Tell that to Outlook and its insistence on pasting BMP versions of images around. I am guilty of sending multi-MB messages like this at work, every time I send a screenshot for clarification. The standard solution: paste the images into a Word document and send that instead. Ick.

!this

Posted Nov 1, 2009 1:46 UTC (Sun) by jzbiciak (guest, #5246) [Link] (2 responses)

You can save other formats from MS Paint (including PNG!), and Outlook will let you attach them. (Open MS Paint, take your screen shot with Alt-PrtSc, hit Ctrl-V in Paint followed by Save As... Voila!) That's significantly less hurl-inducing than Word-encapsulated JPGs.

Also, there's a Windows version of GIMP that also works well for acquiring and cropping screenshots.

That said, I still don't want to see the 1GB "Me too!" email.

!this

Posted Nov 1, 2009 7:18 UTC (Sun) by man_ls (guest, #15091) [Link] (1 responses)

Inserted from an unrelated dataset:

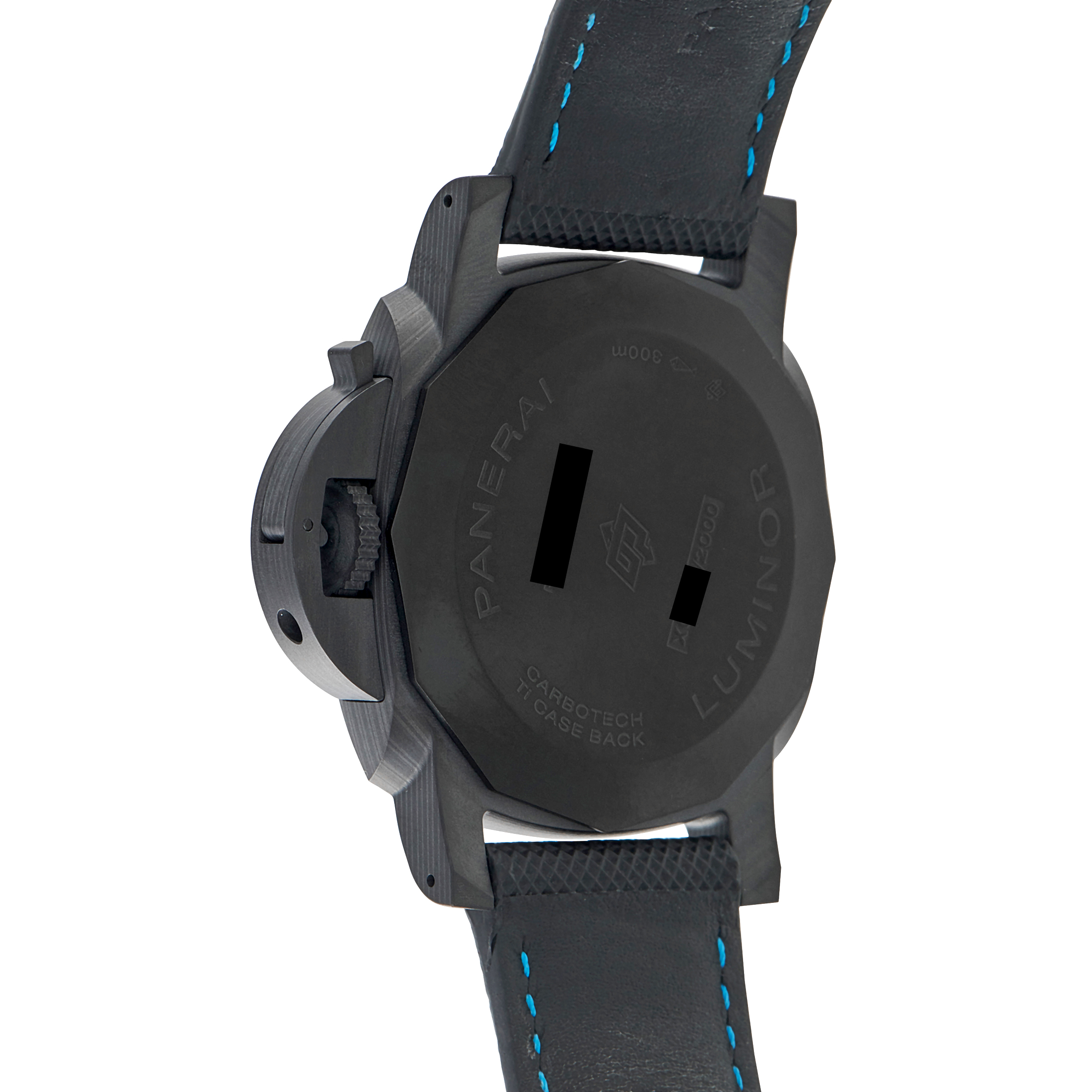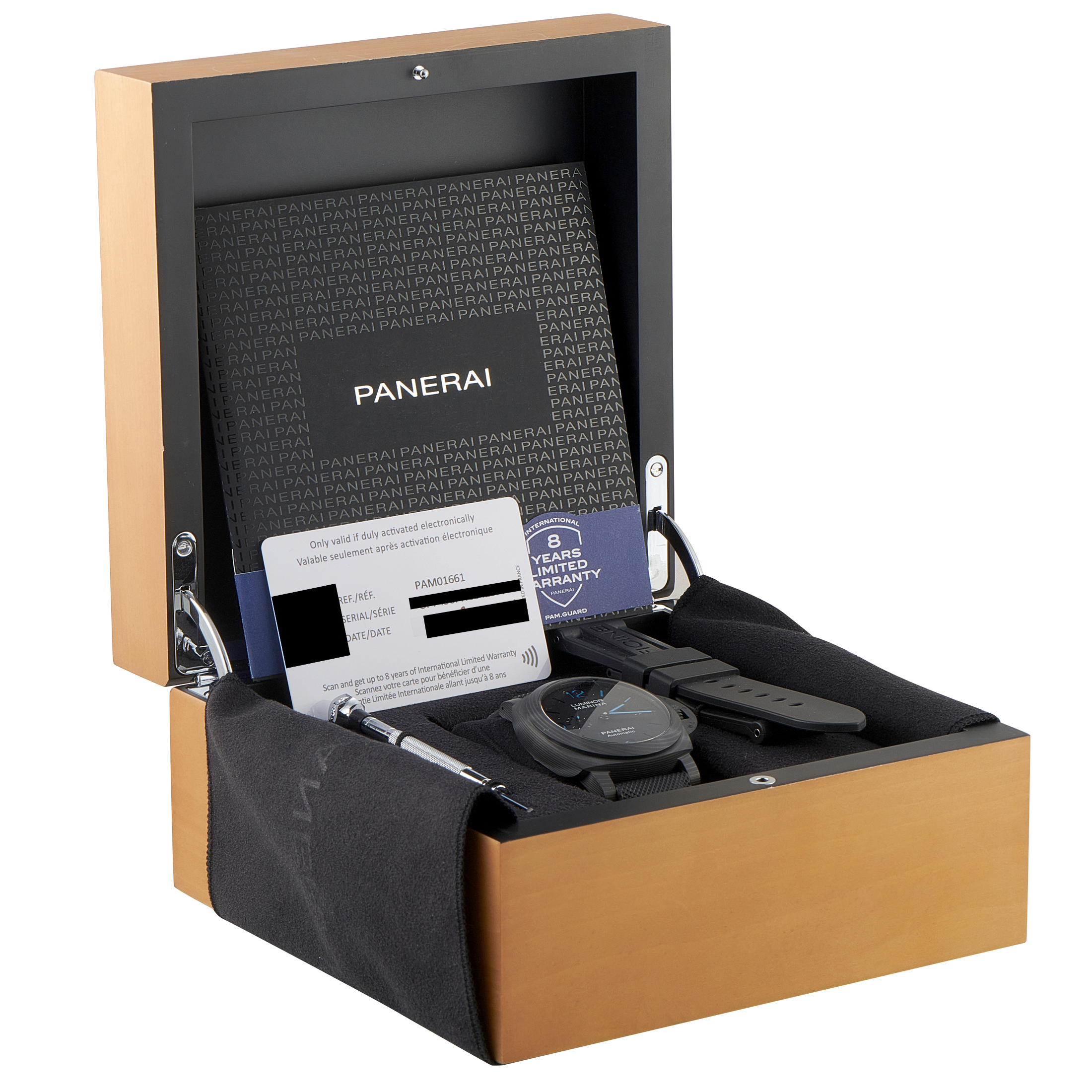 Offered pre-owned, this Officine Panerai Luminor Marina Carbotech™ Watch pam01661 comes with papers, extra strap, a strap changing tool, and the manufacturer’s box.

I have all the GIMP for Windows and use it for serious work; it works very well. But the 5 second "alt+print screen, ctrl+v" message that doesn't even touch the hard disk, and that contains a bug report or a bug resolution, still takes about 5 MBs. There, my timesaver is your spacecruncher.

!this

Posted Nov 1, 2009 15:17 UTC (Sun) by jzbiciak (guest, #5246) [Link]

Fair enough.

Mind you, I was comparing launching MS Paint vs. launching MS Word, since you mentioned sending screenshots wrapped in a Word document. (And I only mentioned GIMP in case you wanted to get fancier than what MS Paint lets you do.)

Transparent hugepages

Posted Oct 30, 2009 8:21 UTC (Fri) by MisterIO (guest, #36192) [Link] (2 responses)

Couldn't they add this feature in a parameterized form? then at compile time you decide the max dimension of hugepages.

Transparent hugepages

Posted Oct 30, 2009 14:53 UTC (Fri) by dtlin (subscriber, #36537) [Link]

Only if somebody writes the code first. Right now I think it's one-size-
only.

Transparent hugepages

Posted Nov 8, 2009 3:29 UTC (Sun) by butlerm (subscriber, #13312) [Link]

Hugepages here rely on multiple page size support in hardware to minimize
translation lookaside buffer (TLB) overhead in the CPU. As such, you can
only use the size or handful of sizes the CPU supports.

It is possible to do something similar in software alone, to create larger
than normal "virtual" pages, but while that may have certain internal
efficiencies, it doesn't reduce the TLB lookup overhead of all the smaller
physical pages at all.

Transparent hugepages

Posted Oct 30, 2009 16:04 UTC (Fri) by alejluther (subscriber, #5404) [Link]

It seems hugepages are going to be more important in the future and it has a lot of work to do with main changes to the kernel.

Is it not such a feature enough for starting a 2.7 kernel version?

Transparent hugepages

Posted Oct 30, 2009 16:33 UTC (Fri) by giraffedata (guest, #1954) [Link]

he would like an application to be able to request large pages with a simple madvise() system call

That sounds like an abuse of madvise(). madvise() isn't supposed to instruct the OS on how to provide virtual memory. It's supposed to advise the OS on how the process will use the memory. "I will access this range uniformly" would be something that might inspire the OS to use large pages.

Transparent hugepages

Posted Oct 31, 2009 7:23 UTC (Sat) by ch (guest, #4097) [Link] (1 responses)

what systems used 512 byte pages?

Transparent hugepages

Posted Oct 31, 2009 13:12 UTC (Sat) by avik (guest, #704) [Link]

VAX.

Note to lwn.net comment filter: there actually is text in this comment.